Hampton Classic: A Big Step for Zafira

The fact that Zafira was a long strider proved to be advantageous
Georgina Bloomberg and Juvina registered highest on the applause meter after going clean in the first round on Sunday’s Grand Prix course. They finished third over all. Durell Godfrey

   Kent Farrington, 32, of Wellington, Fla., became the fifth rider in the Hampton Classic Horse Show’s 38-year history to win back-to-back Grand Prix championships on Sunday.
    Farrington, who prevailed in a five-rider jump-off that included Richie Moloney, a 31-year-old Irishman who lives in Riverhead, and Georgina Bloomberg, 30, the New York City mayor’s daughter, who is due to give birth on Christmas Day, had initially intended to ride the defending champion, Voyeur, in the weeklong hunter-jumper show’s biggest event, “but he was a little tired,” the winning rider was to say later, so he went instead with a 9-year-old mare, Zafira, owned by Haity and Jim McNerney.

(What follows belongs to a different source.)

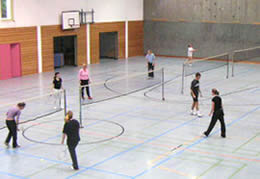 Die Sportart Badminton erfreut sich zunehmend, gerade auch bei Jugendlichen, großer Beliebtheit. Wichtig jedem Badmintonspieler ist der Hinweis, dass das Badmintonspiel nicht mit dem uns allen bekannten Federballspiel zu verwechseln sei. In unserer Jugend-Badmintongruppe werden nach anfänglichem Aufwärmtraining Schlagtechniken, Lauftechniken, Spieltaktiken trainiert die selbstverständlich auch gleich im Spiel angewandt werden. Wer Interesse hat, kommt einfach vorbei und macht mit! Trainiert wird jeden Donnerstag von 18.00 - 19.30 Uhr in der großen Sporthalle des Theodor Fliedner Gymnasiums.

    “It was a big step for her,” Farrington said, “and she answered the question,” with her first Grand Prix win.
    Answering a question in a press conference with the top three that followed FTI’s $250,000 class, Farrington said the fact that Zafira was a long strider proved to be advantageous in the Olympic course designer Guilherme Jorge’s longer-than-usual course.

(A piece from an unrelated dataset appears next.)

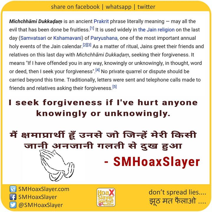 https://en.m.wikipedia.org/wiki/Micchami_Dukkadam https://www.facebook.com/SMHoaxSlayer/photos/a.147357335599672.1073741828.140690692933003/340505879618149/?type=3
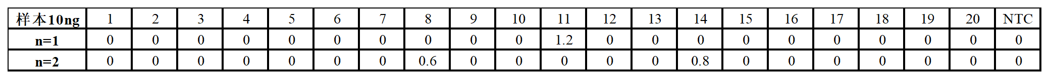 待測(cè)樣本:10個(gè)NGS驗(yàn)證為陽性的樣本(編號(hào)1-10); 10個(gè)NGS驗(yàn)證為陰性的樣本(編號(hào)11-20)。對(duì)20個(gè)樣本分別使用數(shù)字PCR檢測(cè)。

    Only the above-named and Kevin Babington and Brianne Goutal made it through the first round’s 16-effort test (two of whose double combinations, 7a and b and 3a and b, proved particularly treacherous), while three others in the field of 34 entries — Roberto Teran and Woklahoma, Catherine Pasmore and Bonanza Van Paemel, and Candice King and Kismet 50 — were prevented from doing so because of one time fault.
    Farrington took home an $82,500 first prize, though the runner-up, Moloney, who rode Slieveanorra in the Grand Prix, was right up there purse-wise given the $50,000 he won Sunday, his win aboard Carrabis Z in Saturday’s $40,000 Lon­gines Cup, and his second-place finish in Friday’s $50,000 Grand Prix qualifier on Slieveanorra. Those wins put him over the top as far as leading-rider points were concerned, vaulting him ahead of McLain Ward, who held the lead going into the Grand Prix. As a result, Moloney won the $30,000 Longines Leading Rider Challenge prize as well, finishing with 229 points to Goutal’s 177, Ward’s 169, and Farrington’s 158.5. “It’s the best week I’ve ever had in my career,” the native of Ireland said.
    It was the first time Bloomberg, a frequent competitor at the Classic who considers it her “hometown show,” and who rode Juvina on Sunday, had placed among the Grand Prix’s top three. That finish, worth $37,500, broke a spell, she later told an inquirer, for usually she fared better on days when her father, Michael Bloomberg, was not a spectator. The applause that greeted her entrance into the ring and her clean round registered highest on the meter.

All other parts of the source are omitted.